**Exercise objective:** Nothing but the records, transcribed verbatim and stripped of images, should appear in the answer.

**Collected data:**
════

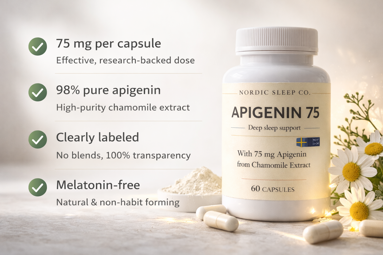 APIGENIN 75 is produced in small controlled batches in Sweden with clearly labeled ingredients and no proprietary blends.
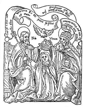 足下に下界の三位一体を示す3つの頭を持つ蛇、
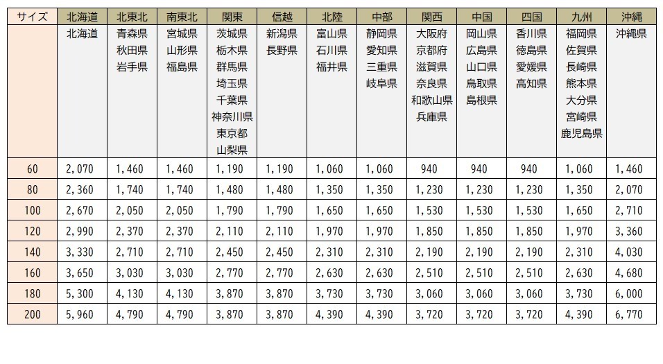 | 纸箱大小(CM) | 打包费(日元) |
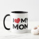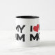 Diga a sua mãe que você a ama esta Dia de as mães com esta caneca que diz, "I Love (Heart) My Mãe" em uma quadra, com letra retrógrada.
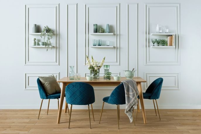 Najbardziej klasyczne i spokojne zestawienie, które sprawdza się w każdym wnętrzu, to jasny dębowy parkiet i jasna ściana. Na takim tle może „się dziać” (sztukaterie, półki, obrazy, grafiki czy nawet kompozycje z kilku luster), a chaosu nie będzie. Kolor ścian to jasny błękit Pixie, farby Beckers Designer Collection.
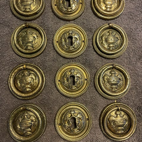 8 vintage messingbeslag, skuffegreb i Empire stil med et dekorativt motiv, herunder et kar med håndtag og en snoet kant. Stilen var fremherskende ml. ca. 1810 - 1840.
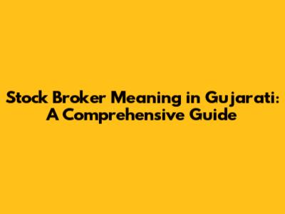 Stock Broker Meaning in Gujarati: A Comprehensive Guide
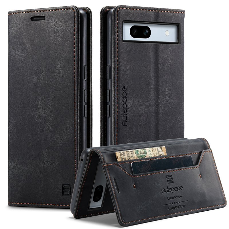AUTSPACE Google Pixel 7a Wallet Fodral Äkta läder - Svart
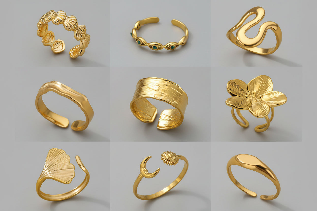 Bagues Ajustables en Acier Inoxydable doré 18K

════

**Exercise result:**
 APIGENIN 75 is produced in small controlled batches in Sweden with clearly labeled ingredients and no proprietary blends.
 足下に下界の三位一体を示す3つの頭を持つ蛇、
 | 纸箱大小(CM) | 打包费(日元) |
 Diga a sua mãe que você a ama esta Dia de as mães com esta caneca que diz, "I Love (Heart) My Mãe" em uma quadra, com letra retrógrada.
 Najbardziej klasyczne i spokojne zestawienie, które sprawdza się w każdym wnętrzu, to jasny dębowy parkiet i jasna ściana. Na takim tle może „się dziać” (sztukaterie, półki, obrazy, grafiki czy nawet kompozycje z kilku luster), a chaosu nie będzie. Kolor ścian to jasny błękit Pixie, farby Beckers Designer Collection.
 8 vintage messingbeslag, skuffegreb i Empire stil med et dekorativt motiv, herunder et kar med håndtag og en snoet kant. Stilen var fremherskende ml. ca. 1810 - 1840.
 Stock Broker Meaning in Gujarati: A Comprehensive Guide
AUTSPACE Google Pixel 7a Wallet Fodral Äkta läder - Svart
 Bagues Ajustables en Acier Inoxydable doré 18K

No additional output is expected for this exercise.